After moving the West County Library to its new and considerably larger facility, the former library building was left unoccupied. Meanwhile, the Odenton senior facility, located immediately across the street, was bursting at the seams. The senior center was experiencing “the 10 pounds of stuff in the 5-pound pail syndrome,” Cox says.

County officials decided that the best solution lay in converting the former library into a facility for seniors in anticipation of demographers’ prediction of a major boom in the number of seniors in the county. By 2030, Odenton’s over-60 population is expected to increase 83 percent over the 2005 population, state Department of Aging figures predict. Cox believes that this number may even be conservative. Citing the increase in high-density assisted living facilities in this Washington, D.C., suburban area, Cox says that the increase is happening faster than Department of Aging estimates. Even at present population levels, the O’Malley Senior Center serves between 400-500 seniors per month.

Playing to its strengths
Instead of viewing the division of the senior facility as a liability, the county decided to embrace the dual locations by separating functions and using each facility to its strength. The new facility houses staff offices and a room each for billiards, aerobics exercise, workout and weights, multipurpose activities, and arts and crafts. The multipurpose room is primarily used for meetings, dances, and community functions. The popular billiards room is used not only by visiting seniors, but also for inter-county competitions. The existing senior center offers computer courses, IT help, a small library, reading room, and administrative space.

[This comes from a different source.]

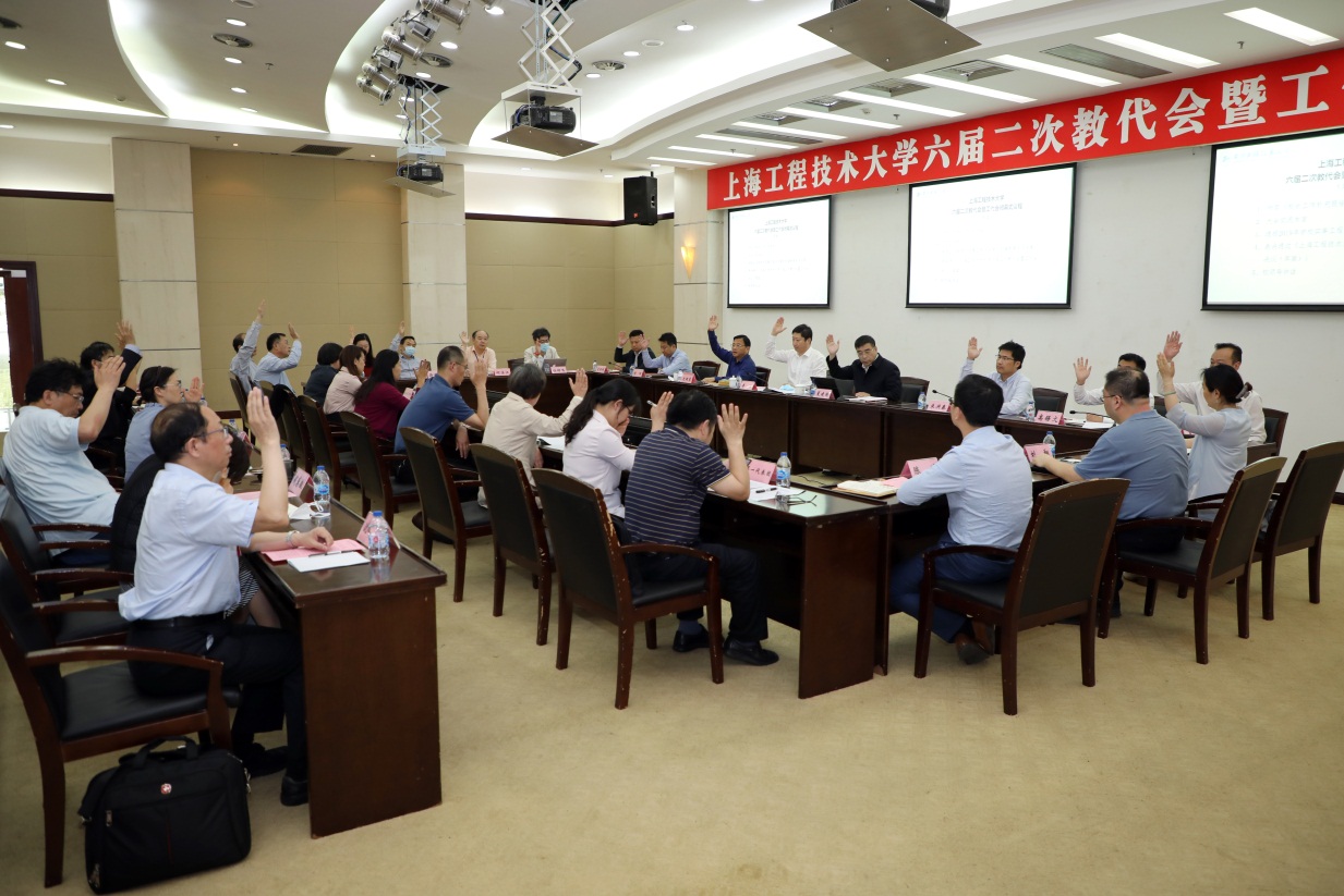会议表决通过了《上海工程技术大学六届二次教代会暨工代会闭幕式议程(草案)》,审议确定了闭幕式交流发言代表和《上海工程技术大学六届二次教代会暨工代会决议(草案)》,10位教代会代表团团长交流了分团讨论的情况,针对各代表团提出的意见和建议,学校还将在闭幕式上以《校长工作补充报告》的形式进行回应和答复。

According to Cox, the biggest challenge of the adaptive reuse project was converting the open floor plan of the old library into separated and contained areas for the varied activities that the users enjoy concurrently. “It was a complete renovation of mechanical and electrical systems as well as space planning. The old library was an open space plan and the new senior center required separation of uses from an audible standpoint as well as a function standpoint, so we had to rearrange the internal workings of the building, which of course meant new mechanical systems and electrical systems.” He notes that, in consideration of neighbor requests, alterations to the former library’s exterior were very minor. “The building was in pretty decent shape,” he says.

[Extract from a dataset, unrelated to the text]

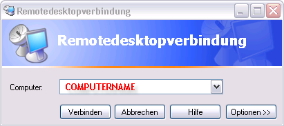 Leider kann man ohne professionelle Terminal Server Software nicht nach Computern für eine Remotedesktopverbindung suchen. Den Computernamen muss man manuell auf dem entfernten Gerät nachsehen. |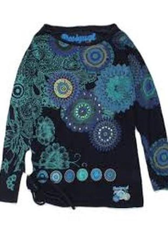 Красивая кофта -туника в интересный принт.Сочетание темно синего цвета с бирюзой,делает ее очень привлекательной и женственной. Бирка срезана,думаю подойдёт на размер М-Л Меряйтесь по замерам Длинна 70 Плечи 38 Пог45 Пот44 Поб 46 Рукав 63 Материал ещё тянеться хорошо Состав: Котон, Доставка: 🚌-доставка укрпочта и НП 👗-возврата и обмена нет 💰-оплата на карточку Приватбанка 👌-подписывайтесь и смотрите другие мои вещи 👜🥾👖🧥

The late 1960s building has a brick façade with large glazed openings. Because many of the residents felt that they grew up with the library building, it has a strong community identity. “It was part of the neighborhood that we didn’t want to mess with,” explains Cox. “We didn’t wish to change that façade, so we cleaned it up, added an entrance canopy, and that was about the extent of the exterior renovations. We primarily focused on in-work.” Cox adds that although there was no LEED™ certification requirement for this particular project, Lukmire used similar materials in the renovation to what was specified for the LEED-certified West County Library.